**Try it:**
In the records below, repeat word for word only the lines starting at the one that contains "Ein Team aus" and ending at the one that contains "A flowy, romantic", pictures excluded.

**Given entries:**
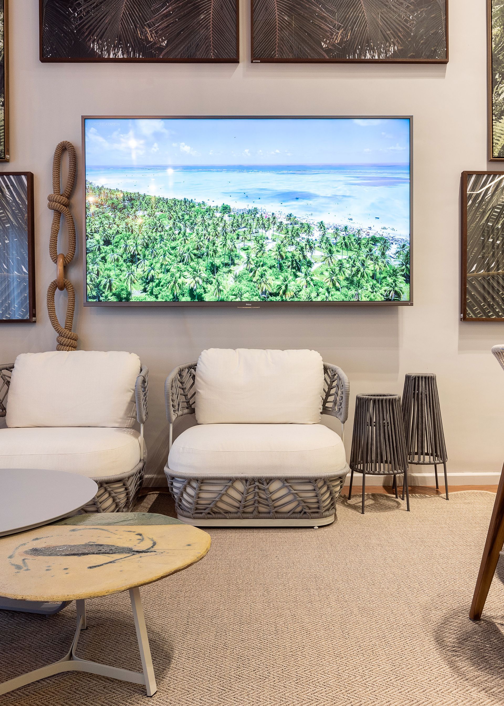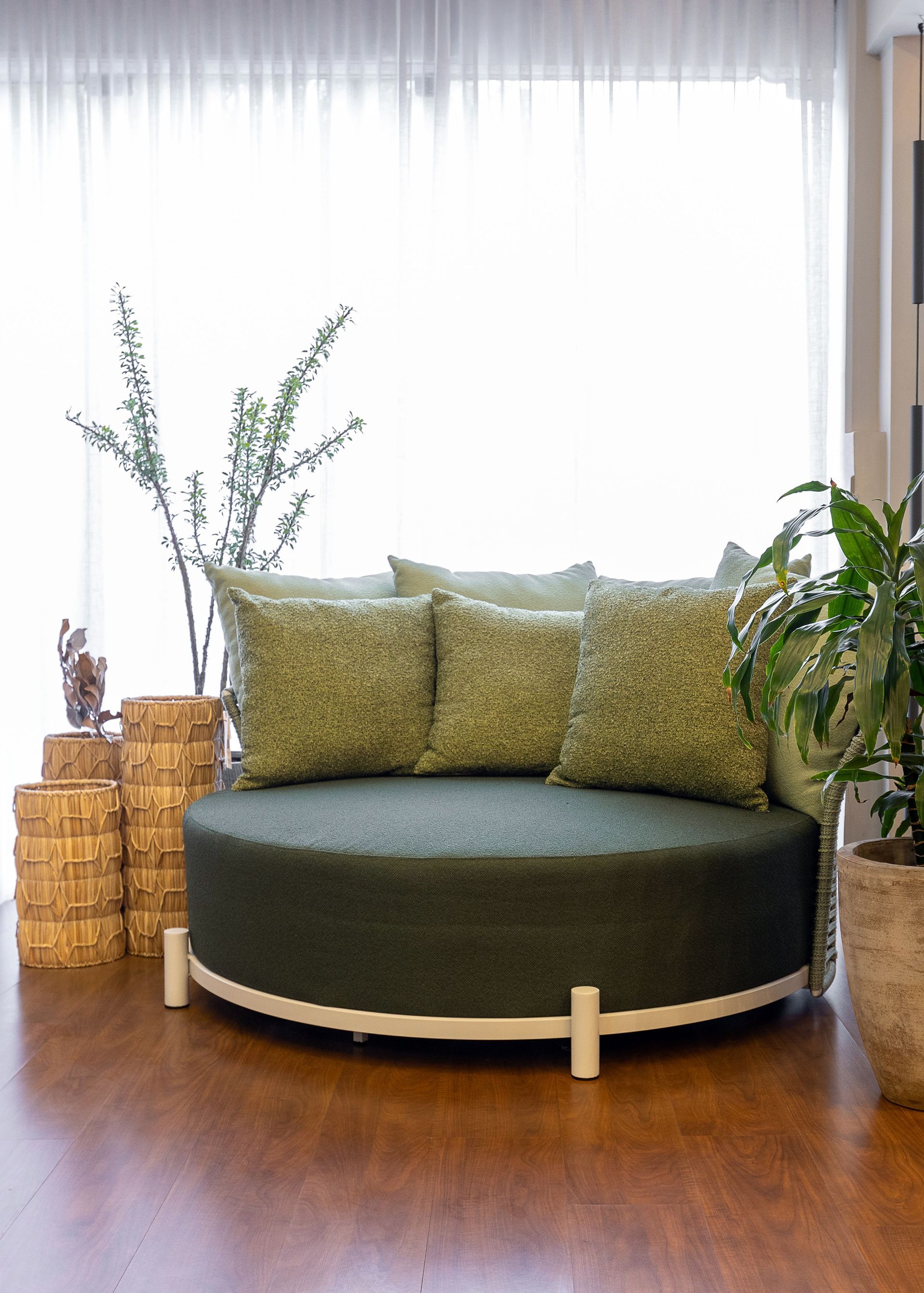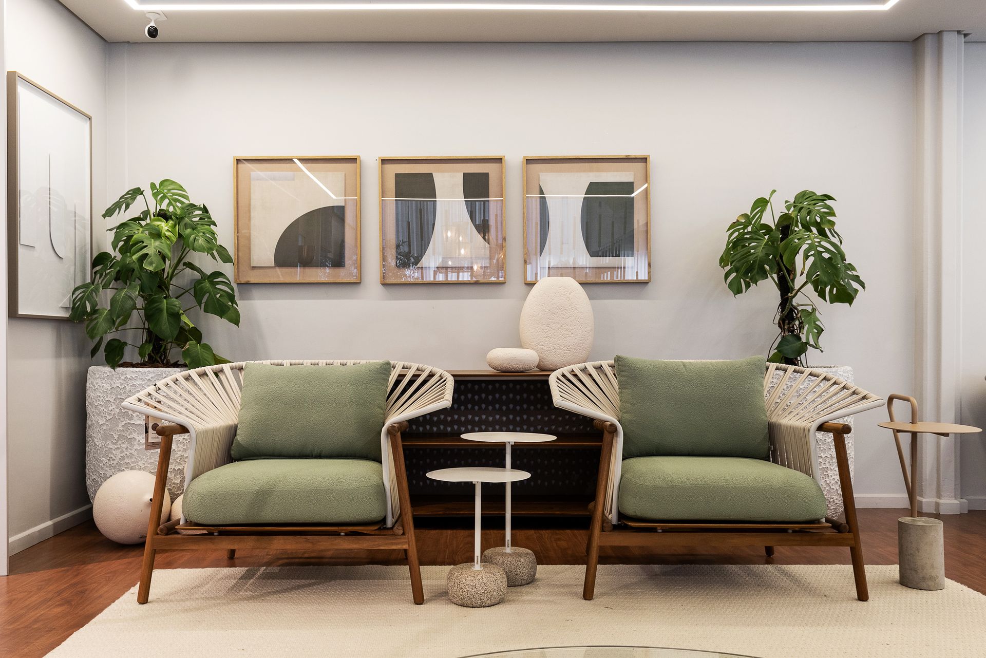 Ao lado do Dolce, outras criações ajudaram a dar vida e beleza ao espaço, como a mesa Guaimbê, a cadeira Lira e o carrinho bar Axys, todos criações de Ibanez Razzera, além da chaise Trancoso e do balanço Pérola, assinados por Alé Alvarenga e Marta Manente, respectivamente. Cada uma dessas pepças, juntas com outras do Studio Modalle, reforçaram o conceito de integrar a estética interna aos ambientes externos, proporcionando conforto e durabilidade.
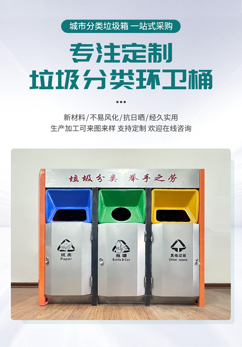 您當前的位置:首頁 / 產(chǎn)品中心 / 環(huán)衛(wèi)戶外垃圾箱/桶系列 / 戶外三分類不銹鋼垃圾箱/桶
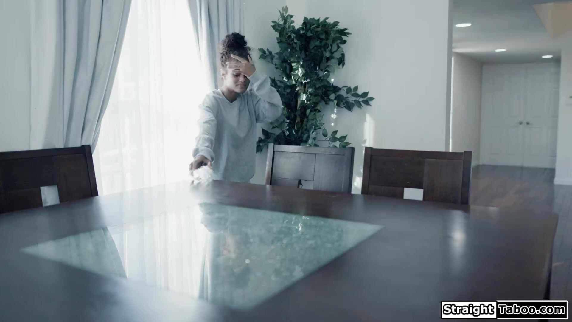 Petite Ebony Scarlit Scandal has been taken care of her ill husband during the pandemic.She stays quiet about it so she can fuck the delivery guy.The small tits brunette black babe gets her pussy licked and sucks off his big cock before shes banged
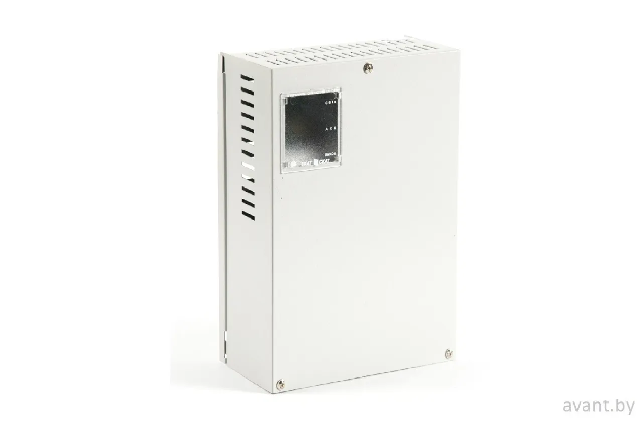 Резервированный источник питания, входное напряжение 170...250 В, выходное напряжение 12,9...14 В, номинальный ток нагрузки 4 А, максимальный ток нагрузки 5 А (до 5 сек), под два аккумулятора 12 В 7(12) Ач или один аккумулятор 12 В 17 Ач, световая индикация режимов работы, диагностические выходы типа "открытый коллектор", защита от короткого замыкания, защита аккумулятора от глубокого разряда, диапазон рабочих температур -10...+40°С, габаритные размеры 228х284х119 мм
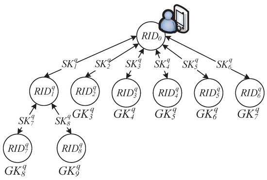 In this phase, the reader uses the distributed keys to encrypt the recipient’s identification code , ownership transfer request , timestamp , group key set for the child node reader , and tag verification code set , and then transmits the ciphertext until all leaf nodes are reached. For example, as shown in Figure 2, the reader first uses the key to encrypt , , , = , , , , and , and then transmits them to the reader , which will use the session key to decrypt the message, split and and, accordingly, encrypt , , , , , , , , , , and into separate messages by using the session keys and , and send them to the leaf node readers and .
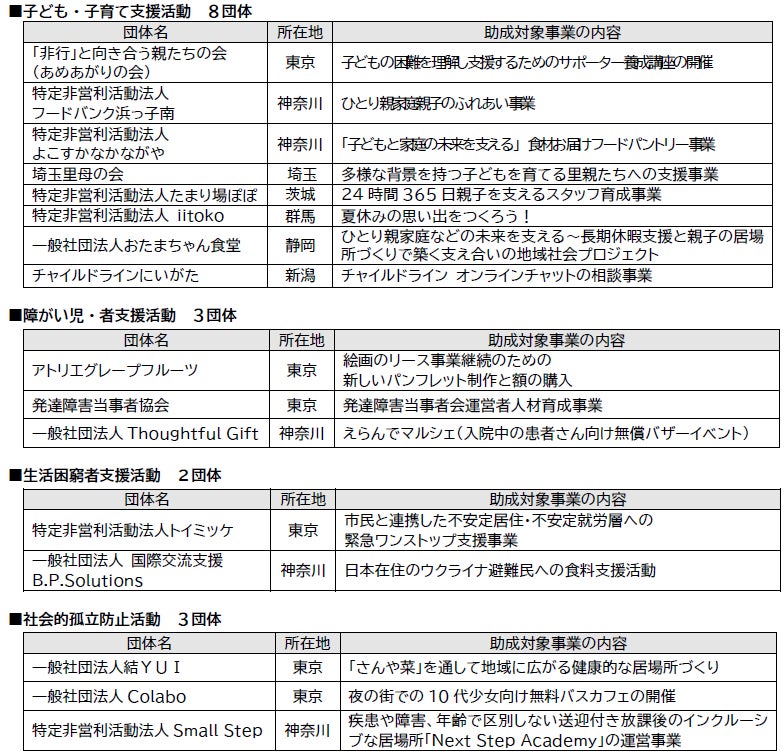 「ささえあい基金」は、生活困窮者や障害者、社会的孤立の防止などへの支援活動に取り組む市民団体やNPO団体などへの助成金制度です。「互いに支え合える地域社会づくりに寄与すること」を目指し2021年度に創設しました。助成金はCO・OP共済《たすけあい》の剰余金の一部が活用され、本年度は、16団体へ1,000万円を助成します。
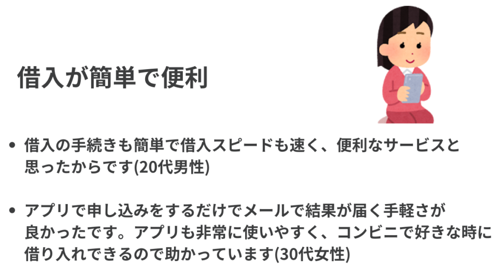 アンケートによれば、借入や返済手続きの利便性についても借入までのスピードと同じく概ね高い評価が集まった。
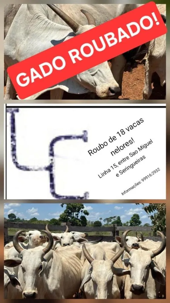 Um produtor rural de São Miguel do Guaporé sofreu um grande prejuízo após ter 18 cabeças de gado da raça Nelore furtadas de sua propriedade. O crime, caracterizado como abigeato, ocorreu entre a última terça e quinta-feira, em uma fazenda localizada na Linha 15, na região compreendida entre as linhas 09 e 11, em direção ao município de Seringueiras.
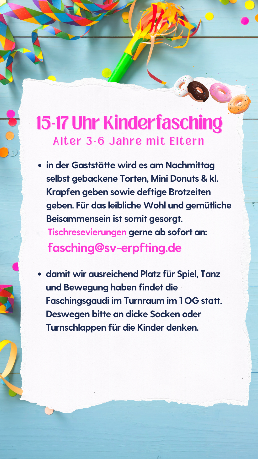 Ein Team aus Faschingsfans 🎊 hat sich wieder zusammengetan, um nochmal eine coole Partysause für die Kids auf die Beine zu stellen: Kinder im Alter von 3-6 Jahren 👑 können gemeinsam 🤗 mit ihren Eltern 👩👧👦👨👧👧 Fasching im Vereinsheim erleben! Dort erwartet sie eine farbenfrohe Welt 🌍 voller Musik 🎶 , Spiel und Spaß 🎉- und natürlich jede Menge lustiger Kostüme🍓👘🧸🐯🦄!
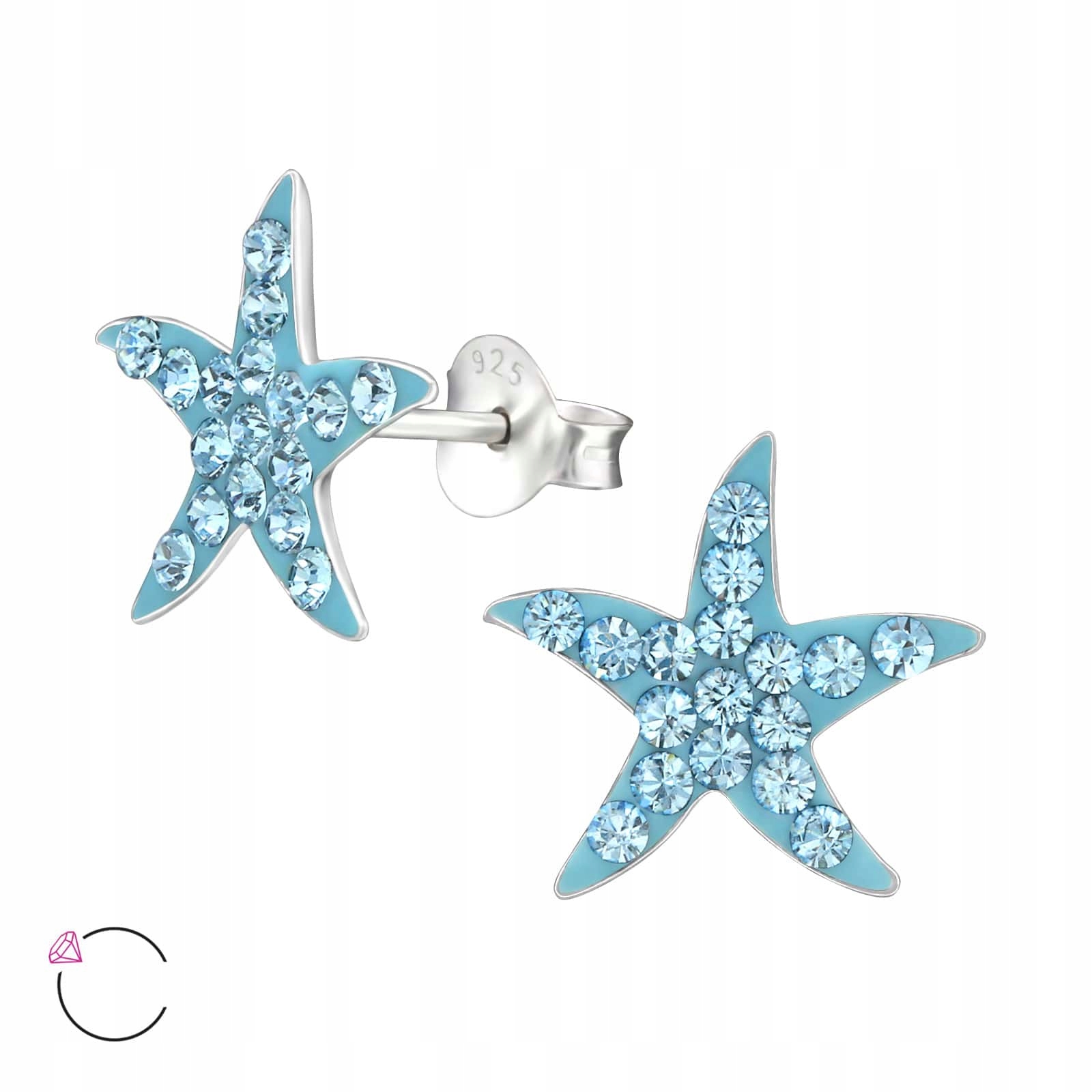 Милые серебряные серьги в виде морской звезды для девочки. Серебро 925. Синяя морская звезда, украшенная кристаллами. Вес 0,65 г, размер 12 мм х 12 мм, количество камней 34.
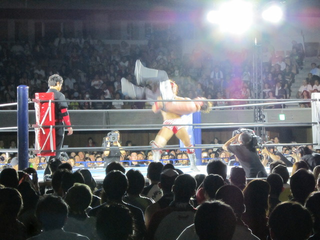 本間選手は強烈な技を多数くらいながらもフォールを何度でも返し、
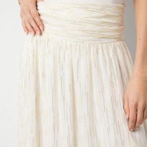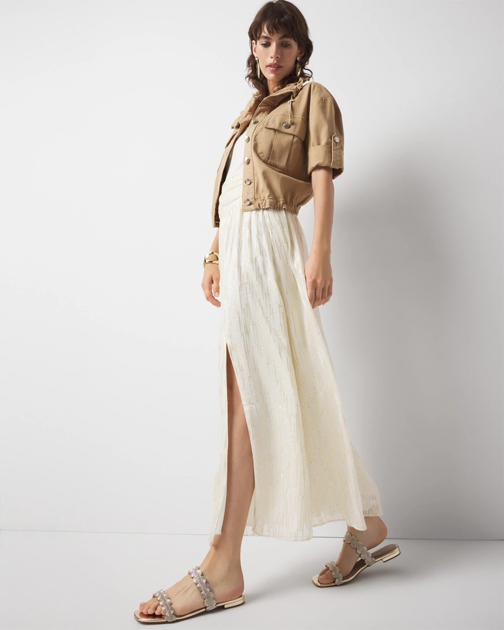 A flowy, romantic maxi skirt with a front slit, smocking in back and a shirred waistband. A gold lurex clip throughout adds subtle shine for an on-trend yet timeless look. Wear with a fitted WHBM FORME™ or tee.
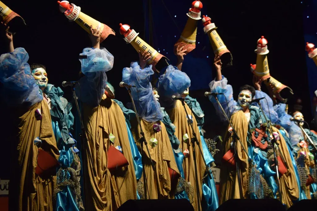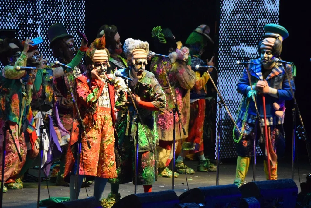 Intergantes de la murga Queso Magro, en el Teatro de Verano.
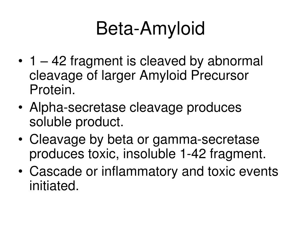 Beta-Amyloid • 1 – 42 fragment is cleaved by abnormal cleavage of larger Amyloid Precursor Protein. • Alpha-secretase cleavage produces soluble product. • Cleavage by beta or gamma-secretase produces toxic, insoluble 1-42 fragment. • Cascade or inflammatory and toxic events initiated.
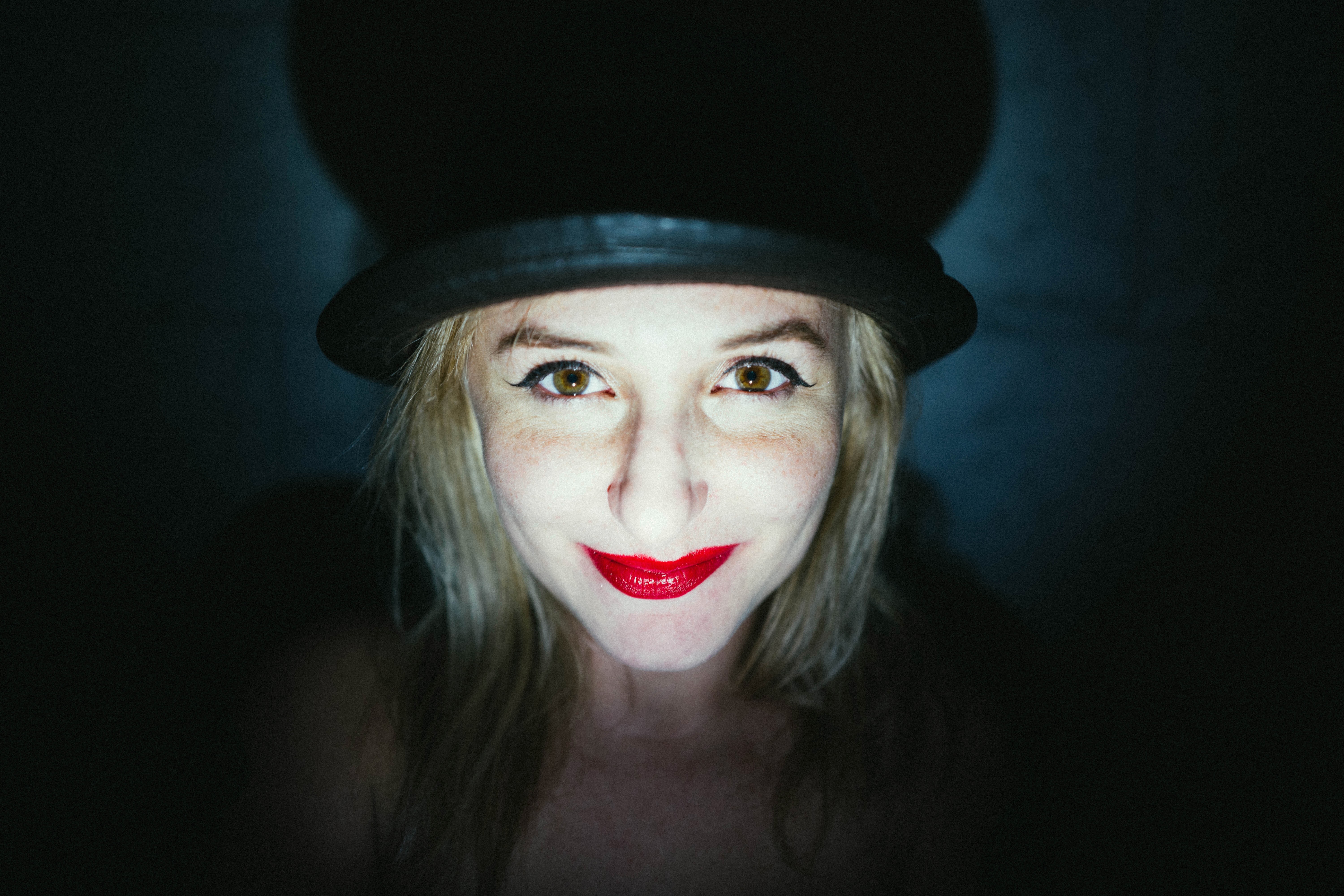 The photograph captures a woman with a captivating smile, framed by a dark background that enhances her striking features. The lighting is dramatic, spotlighting her bright red lips and expressive eyes, creating an eerie yet alluring mood. The composition draws the viewer's focus to her face, emphasizing the playful contrast between her hat and the shadows surrounding her.

**Solution to this problem:**
 Ein Team aus Faschingsfans 🎊 hat sich wieder zusammengetan, um nochmal eine coole Partysause für die Kids auf die Beine zu stellen: Kinder im Alter von 3-6 Jahren 👑 können gemeinsam 🤗 mit ihren Eltern 👩👧👦👨👧👧 Fasching im Vereinsheim erleben! Dort erwartet sie eine farbenfrohe Welt 🌍 voller Musik 🎶 , Spiel und Spaß 🎉- und natürlich jede Menge lustiger Kostüme🍓👘🧸🐯🦄!
 Милые серебряные серьги в виде морской звезды для девочки. Серебро 925. Синяя морская звезда, украшенная кристаллами. Вес 0,65 г, размер 12 мм х 12 мм, количество камней 34.
 本間選手は強烈な技を多数くらいながらもフォールを何度でも返し、
 A flowy, romantic maxi skirt with a front slit, smocking in back and a shirred waistband. A gold lurex clip throughout adds subtle shine for an on-trend yet timeless look. Wear with a fitted WHBM FORME™ or tee.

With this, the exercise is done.